The principles of improving models for assessing the quality of software systems using the cocomo models and iso 9126/25010

Abstract

The article is dedicated to the theoretical and practical analysis of improving models for assessing the quality of software systems, using COCOMO and ISO 9126/25010 models as examples. It is noted that achieving the set goal involves addressing tasks such as identifying shortcomings at the level of mathematical representation of these models, developing mathematical expressions for cost and adjustment models, as well as describing approaches to mathematical enhancement of COCOMO and ISO 9126/25010 models.
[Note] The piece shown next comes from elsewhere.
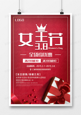 2019年三八女王节红色喜庆大气风格宣传海报设计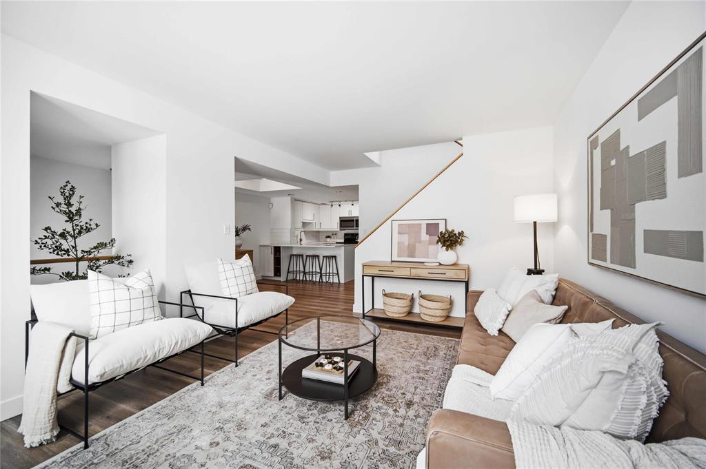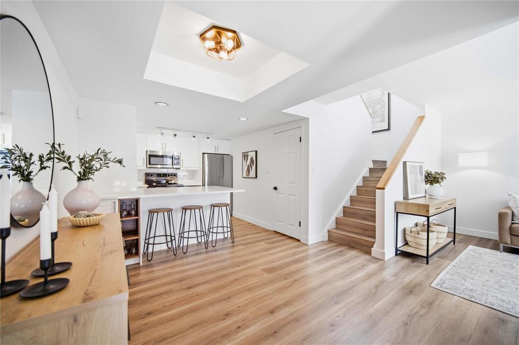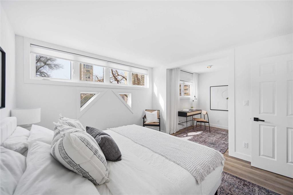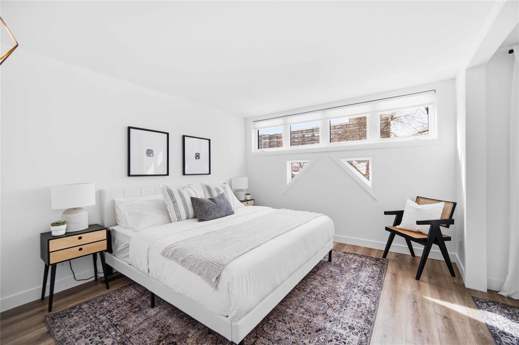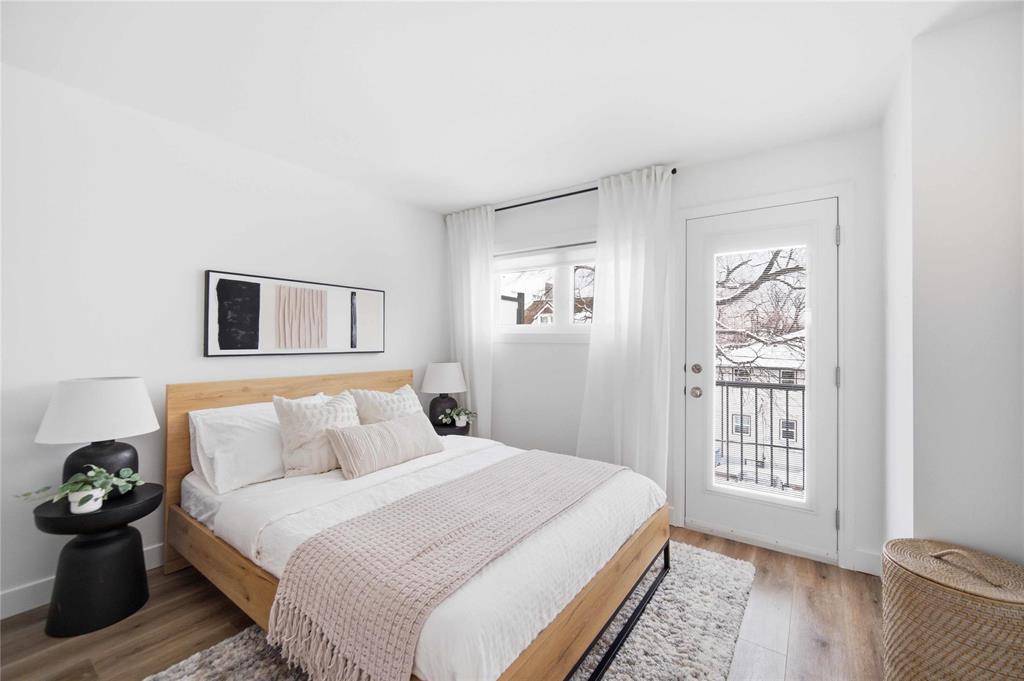 NEW TO MAKET: Stunning 1,223 sq ft townhome condo in a fantastic location just steps from Wellington Crescent. Exceptionally well maintained with fantastic layout. The large west-facing front window with vaulted ceiling is an impressive focal point while providing warm natural light. Contemporary white kitchen features soft-close doors, subway tile backsplash, stone countertops & stainless steel appliances. Generous size main-floor in-suite storage room. Upstairs, there are two spacious bedrooms. The primary suite has a walk-in closet & bonus flex space - ideal for a home office. The second bedroom has a private balcony. The beautifully updated tiled bathroom includes a separate vanity area, perfect for busy mornings. South-facing windows along hallway & staircase provide even more natural light. Updates include stylish fixtures, flooring & windows. **ADDITIONAL FEATURES INCLUDE INSUITE LAUNDRY, CENTRAL AIR CONDITIONING, ASSIGNED PARKING, & PROFESSIONALLY MANAGED COMPLEX WITH HEALTHY RESERVE FUND. Tucked away in a quiet yet highly walkable location with easy access to downtown, restaurants, grocery stores, shopping, transit & all amenities. Move-in ready with a flexible possession!

The need for such mathematical expressions is justified by their potential advantages, such as increased accuracy of assessment, the ability to forecast project costs and quality, standardization of the assessment process, and flexibility in adaptation to various situations. Developing mathematical expressions for COCOMO and ISO 9126/25010 models can significantly enhance their effectiveness and applicability in practical usage for assessing the quality of software systems. The analysis conducted suggests that developing mathematical expressions for software quality assessment models reflects the need for further refinement and development of assessment methods to improve objectivity, accuracy, and applicability in practical conditions. The generalized conclusion at the modeling level is that creating multi-purpose models for software quality is a key step in ensuring their successful development, implementation, and operation. These principles not only help evaluate various aspects of software quality, such as functionality, performance, reliability, efficiency, usability, and security, but also provide a systematic approach to development, taking into account diverse requirements and stakeholder expectations. Creating such models involves the use of mathematical formulas, algorithms, and methods that objectively assess the quality level of the system, integrating various aspects and considering specific usage contexts. Successful implementation of these principles allows enhancing the efficiency of software development, reducing risks and costs, improving collaboration among project stakeholders, and ensuring high quality and user satisfaction with the product.

Keywords: software, quality metrics, user needs, information technology, mathematical framework, quality assessment models, software systems.